Kraft Plans $2 Billion in Cost Cuts in Return to Core Strategy

Kraft Heinz Co. is returning to its tried-and-true cost-cutting strategy as the packaged-food giant looks to beef up its long-term financial position.

The company will target $2 billion in savings over the next five years by focusing on procurement, manufacturing and logistics, according to a presentation released ahead of its investor day.

As part of what it’s calling a “strategic transformation plan,” Kraft is now targeting organic net sales growth of 1% to 2%. The ketchup-maker is also expecting long-term adjusted EPS growth of 4% to 6%.

“We are committed to returning Kraft Heinz to consistent growth on both the top and bottom lines,” Chief Financial Officer Paulo Basilio said in a statement.

A renewed focus on cost-cutting reads like a return to normal operating procedure for Kraft Heinz, which was created in a 2015 merger orchestrated by Warren Buffett and 3G Capital. Traditionally, 3G’s managers were known more for cost-cutting than nurturing brands, and after merging H.J. Heinz and Kraft Foods, the then-CEO slashed nearly $2 billion in expenses at the combined company.
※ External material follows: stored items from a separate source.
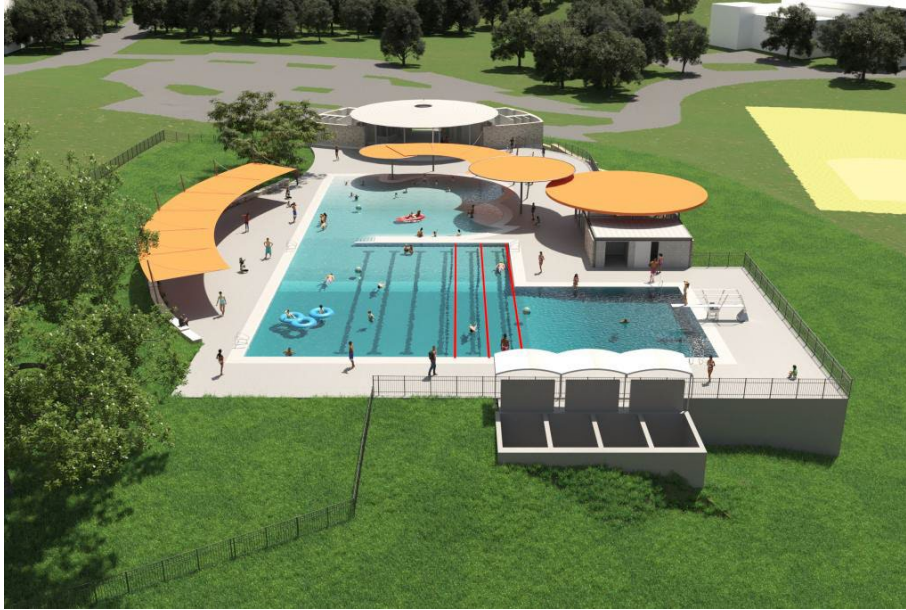
Rendering, Givens Aquatic Facility

Givens Aquatic Facility: The renovation for the aquatic facility is currently in the Site Plan permitting stage. This requires a hearing before the Planning Commission as part of the approval process. The meeting was held on October 11, 2022, and the project passed on consent. District 1
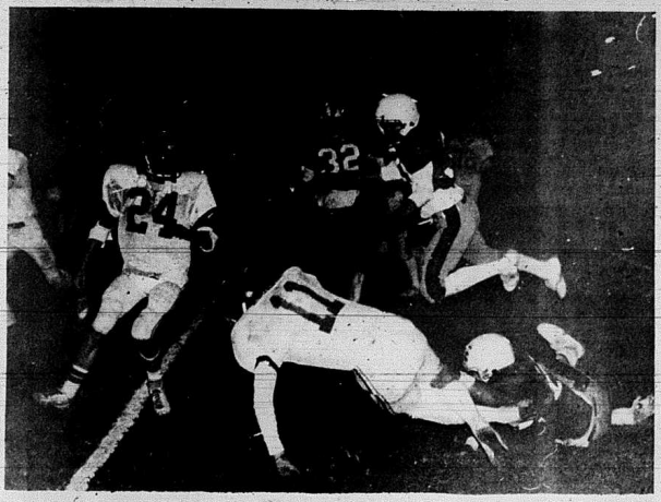
16 yards on the night. He also saw limited action Wednesday night against Lynn Camp.

Rockcastle 103. 7-6 in overtime but Casey Co. Friday 24-19.
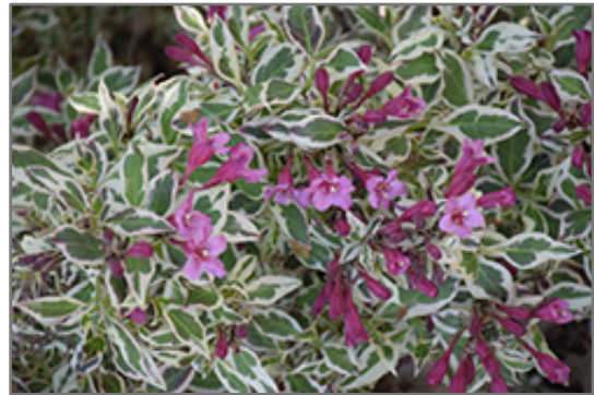
My Monet Weigela flowers

My Monet Weigela is recommended for the following landscape applications;
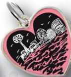
Heart - BJHT - Dimension - 20mm x 21m
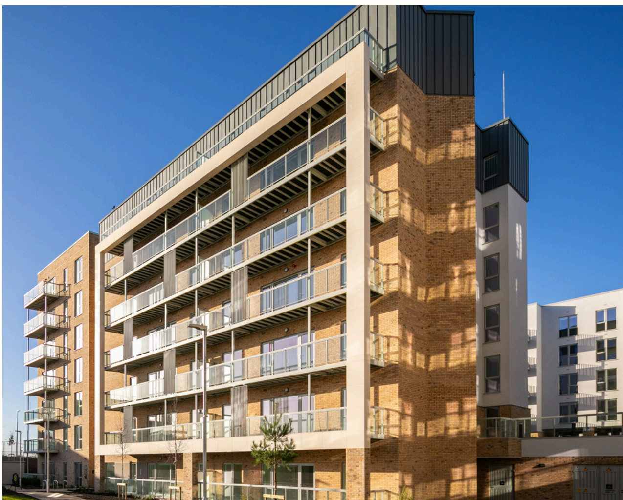
Barnwell Point, Hansfield Dublin 15
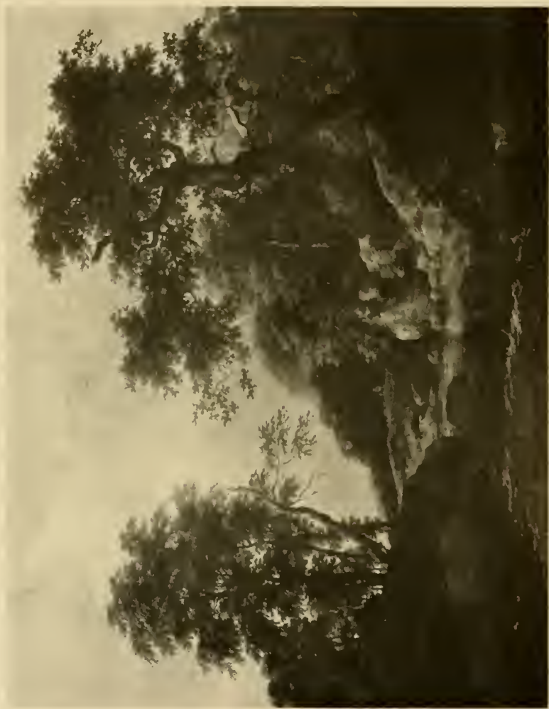
THE FOREST STREAM BY JACOB VAN RUYSDAEL
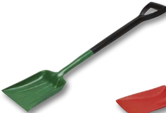
HCH - 02
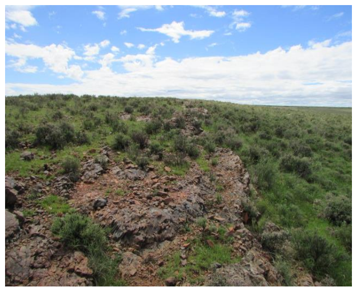
Fig.28: Another section of Site 23.
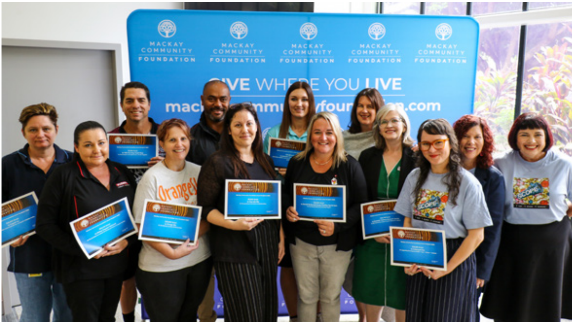
Representatives of the 2025 grant recipients.

In 2024-25, the Foundation awarded $199,902 to a diverse range of community services, including healthcare, support for people with disabilities, community development, women's services, people experiencing homelessness and youth support.
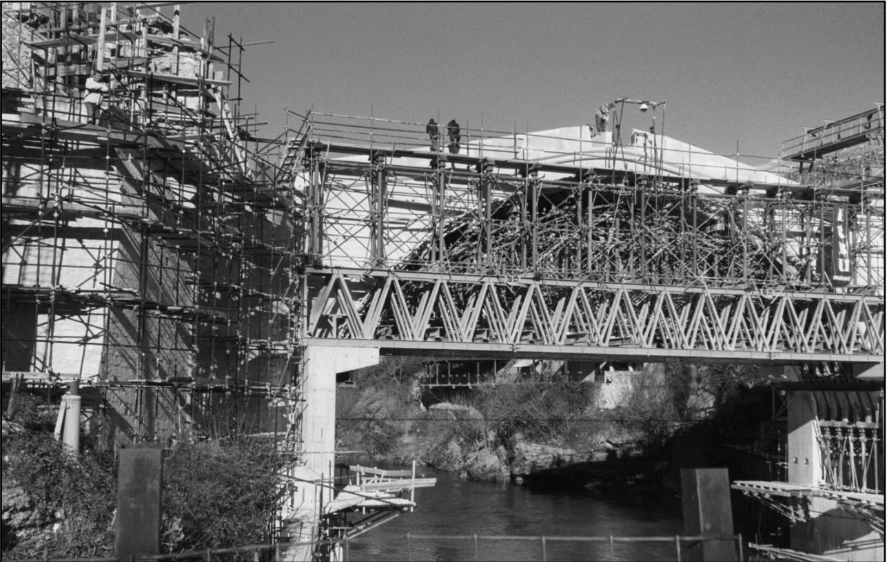
Symbol of reconciliation—but the completion of the bridge at Mostar in Bosnia belies a still sharply divided city
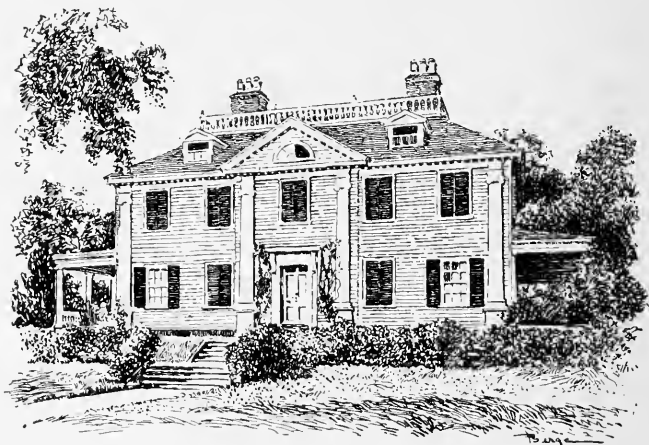
LONGFELLOW'S HOME, CRAIGIE HOUSE, CAMBRIDGE.

he laid his professorship down, there were hundreds who knew him as a poet for every one who knew that he was a teacher. In point of fact, too, the work which he did during the twenty-seven years of his purely literary life hardly extended, although it certainly maintained, the poetical

When cost-cutting slowed, the spotlight turned to the company’s struggle to grow sales with a portfolio of food brands that was largely considered out-of-step with modern tastes. However, the pandemic reignited consumer interest in comfort staples like Oscar Mayer lunch meats and Kraft macaroni and cheese, giving it a boost during lockdowns.

Wall Street Journal reported on the planned cost cuts earlier.

Kraft shares rose as much as 4.9% in early morning trading before paring some of the gains.